Сторителлинг, и как пытаются выживать длинные форматы
Лонгриды строятся по типу ставшего нарицательным проекта The NewYork Times «Сноуфол» (Snowfall). Это был достаточно длинный рассказ о том, как туристы попали под лавину. Там был линейный текст, то есть репортаж сам по себе, и в него были вставлены слайды, аудио- и видеоролики, все это красиво и мультимедийно взаимодействует.
Я сразу скептически отнесся к этому формату, потому что он слишком наворочен.Туда нужно погружаться целиком, слишком высокий порог входа. Что несколько противоречит тенденциям сокращения текстов, сокращения внимания и снижению способности аудитории усидчиво что-то воспринимать. Люди, которые целиком восприняли этот материал, – это, скорее всего, только его авторы. Формат требует много времени и довольно сложен по восприятию.
Тем не менее формат развивается, люди играют в него, по пути делая интересные открытия и прощупывая границы. Так, в России «Лента.ру» в октябре 2013 года сделала спецпроект «Конец Советов». Здесь есть таймлайн (как развивались события в 1993 году), есть большая мультимедийная история, условно развивающая стандарты «сноуфола».

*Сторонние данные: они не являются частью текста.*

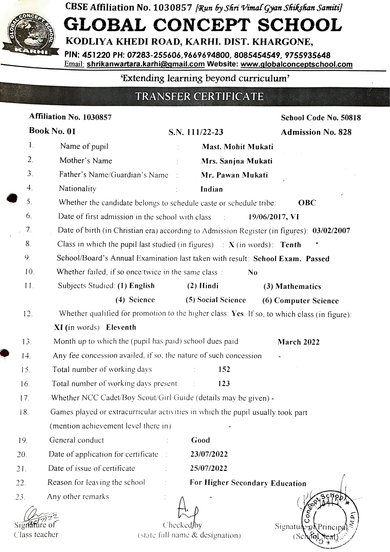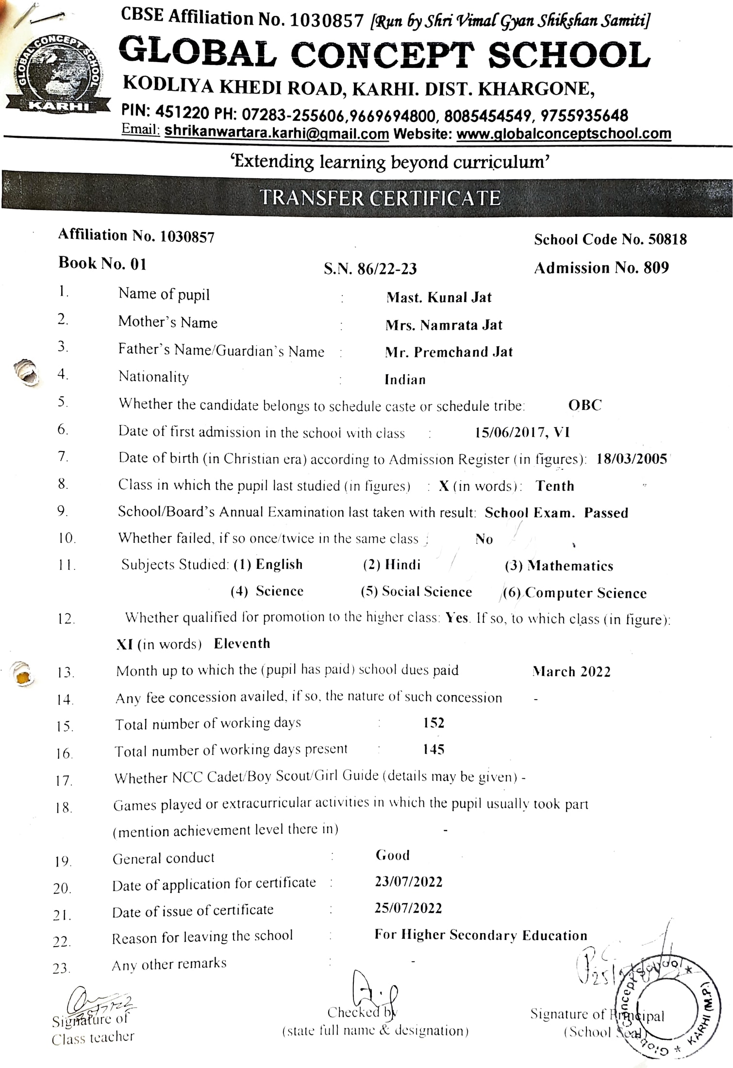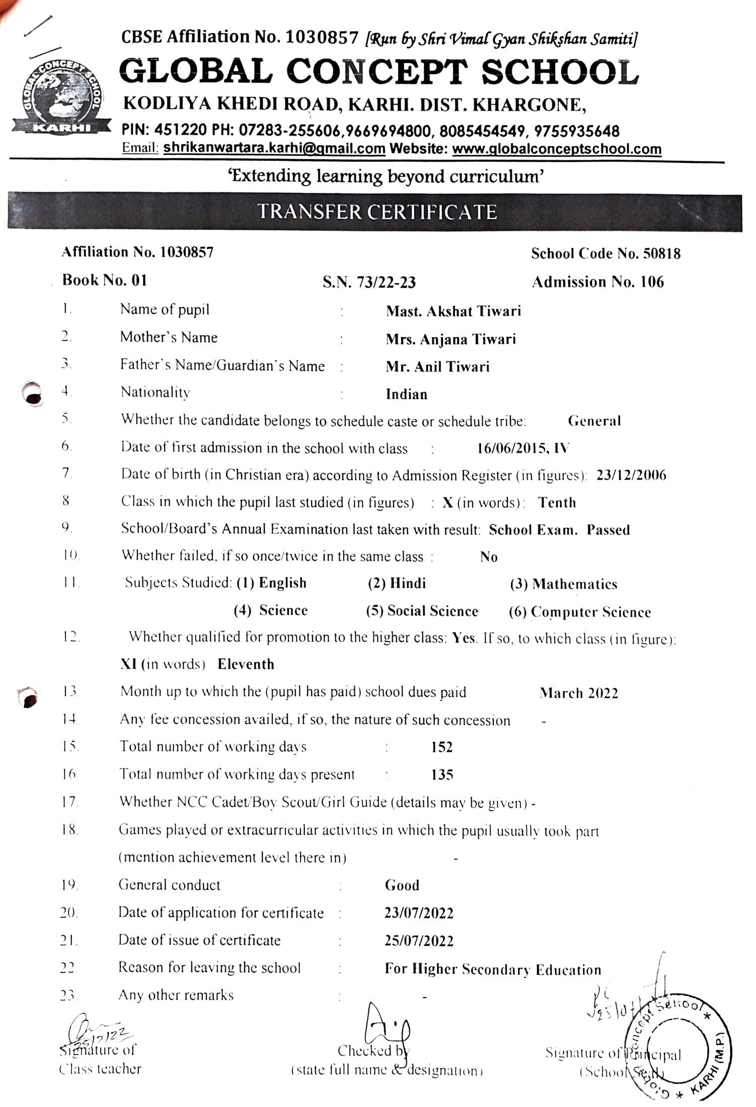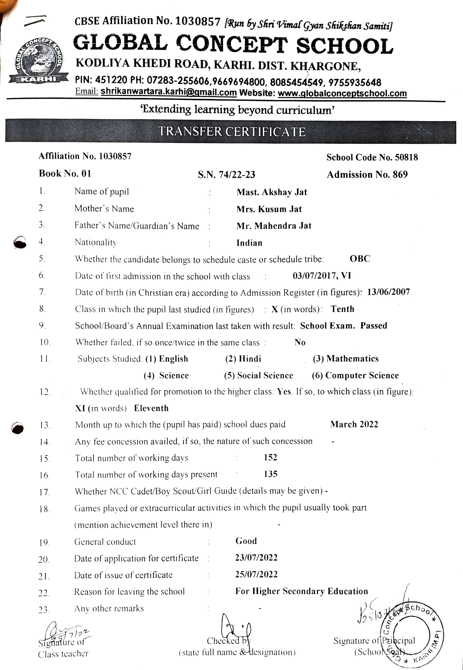 Global Concept School In front of Abhayraj Ginning Kodliyakhedi Road, Karhi PIN - 451220 DIST. - Khargone (M.P.)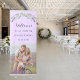 A chic violet colored background. Decorated with lavender florals, flowers and eucalyptus greenery. Personalize and add your photo, names and the wedding date.
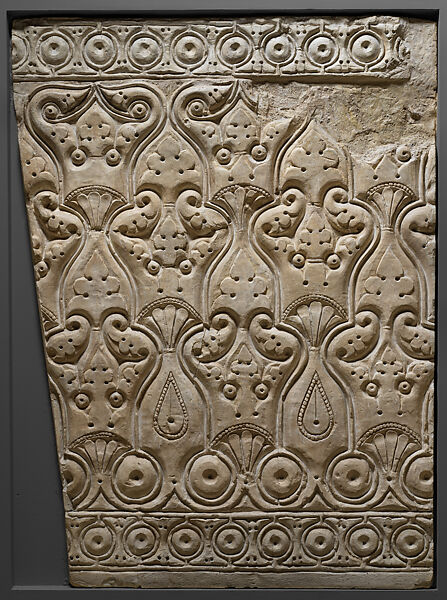 This panel exhibits the Beveled style associated with the Abbasid palace city of Samarra. It is one of a pair of wall panels casts taken from surviving ninth‑century buildings during excavations at Samarra in the first quarter of the twentieth century.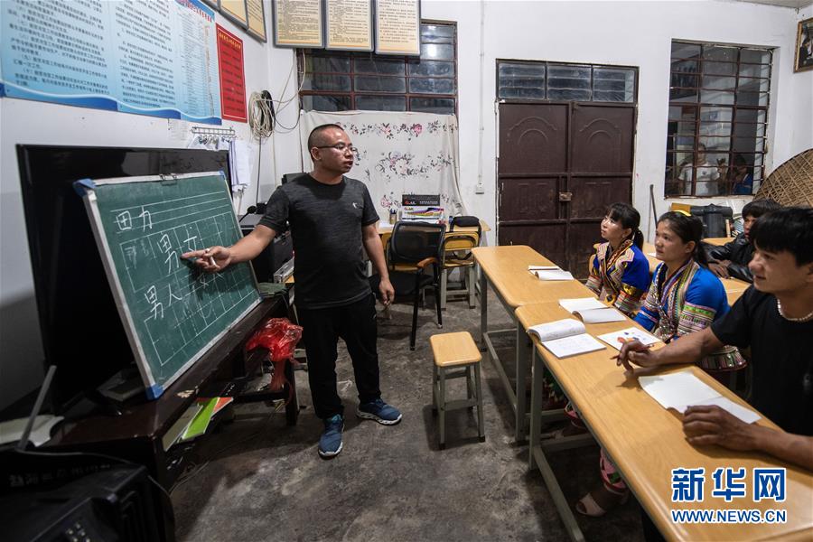 4月10日,在云南省勐??h布朗山鄉(xiāng)曼囡村曼班三隊(duì),娜四(左二)在村里上夜校。新華社記者胡超攝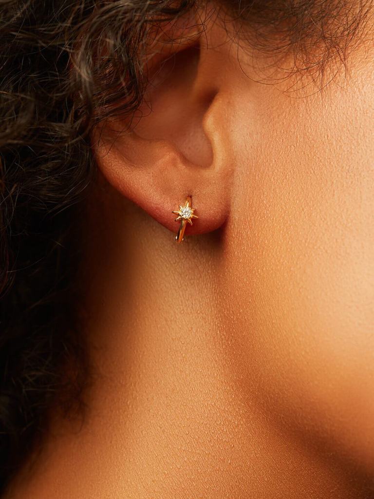 This pretty pair of hoops is by Ana Luisa. They are made of sterling silver plated with gold, and accented with tiny cubic zirconia stones. It’s a nice, elegant look for a modest USD$49.
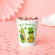 Dieser niedliche Papierbecher aus dem St. Patrick's Day zeigt vier Zwerge, die wie Kobolde gekleidet sind und grüne Kleeblätter tragen, mit einem Regenbogen Glücksgold und vielem mehr. Oben in grüner Schrift heißt es: "Happy St. Patrick's Day!" Entworfen von Susan Coffey.

Рекомендую также репортаж в «Русском репортере» за декабрь 2013 года «Последний из юкагиров». Отличная история, тоже с элементами «сноуфольного» формата. И сама история написана классно, и много дополнительных материалов. Тот самый стиль хорошего литературного письма, за который пытаются бороться некоторые журналы.
Что любопытно, мультимедийный формат влияет теперь и на бумагу. Линейный нарратив дооснащается всякими дополнительными визуальными средствами. Потому что статья в прессе теперь состоит из текстового ядра и периферии: подверстки, графики, инфографика, мнения экспертов, иллюстрации, врезы и так далее. Получается некий комплекс визуальных средств подачи, который даже на бумаге воплощает мультимедийность. Статья, где даже есть длинный текст, все равно все больше становится проектом и перестает быть текстом.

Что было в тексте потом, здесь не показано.